Now, the first thing I noticed was the port. It used a TP port, while my working box uses a MII port. Does that mean the cables are incompatible? Maybe I need something special to connect to the router?

Then there's the PHYAD: 0 thing. man says, if I remember correctly, that it stands for physical address? My working box has PHYAD: 32. Is that important?

Then, there's wake-on. My working box has this set to d, which seemingly ignores all possible wake-on it receives. I have no idea what the one the new box has means (Wake on MagicPacket(tm)) so I don't know if I should change it.

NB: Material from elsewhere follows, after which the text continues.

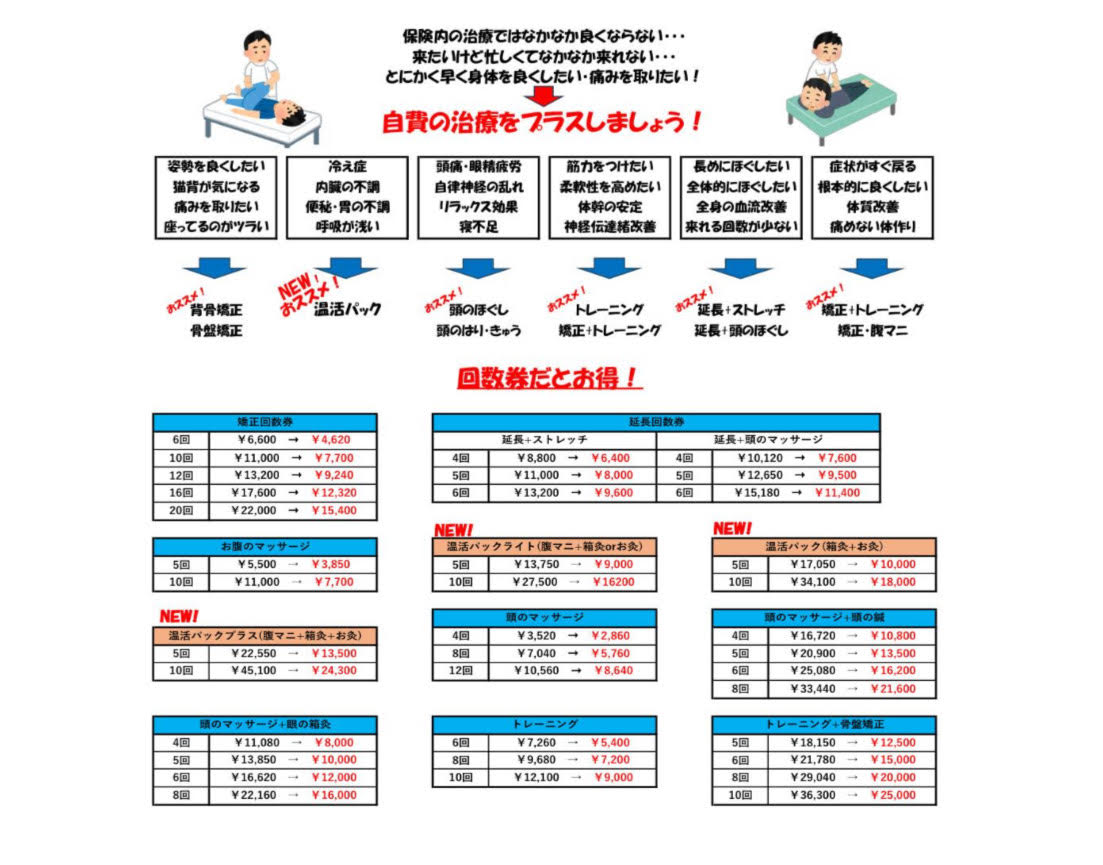 当院では他にも様々な症状に対してお得な治療券を販売しています。

The last difference is the current message level, which on my working box is 7. I'm thinking this is not important, but I thought I'd throw it in there anyway.

So...any good ideas for me?

----------

## arnvidr

Am I allowed a bump? Maybe it's easier to get people to read the thread if I post a new thread with the latest (although a week old now) info?

----------

## cyrillic

Try adding "acpi=off" to the kernel line when you boot.

I have found some motherboards and some network cards are very picky when it comes to IRQ assignments.

----------

## arnvidr

Tried that, both stand-alone and together with turning it off in the BIOS, and no apparent change.  :Sad: 

Any have the expertise to comment on the ethtool output I posted above?

----------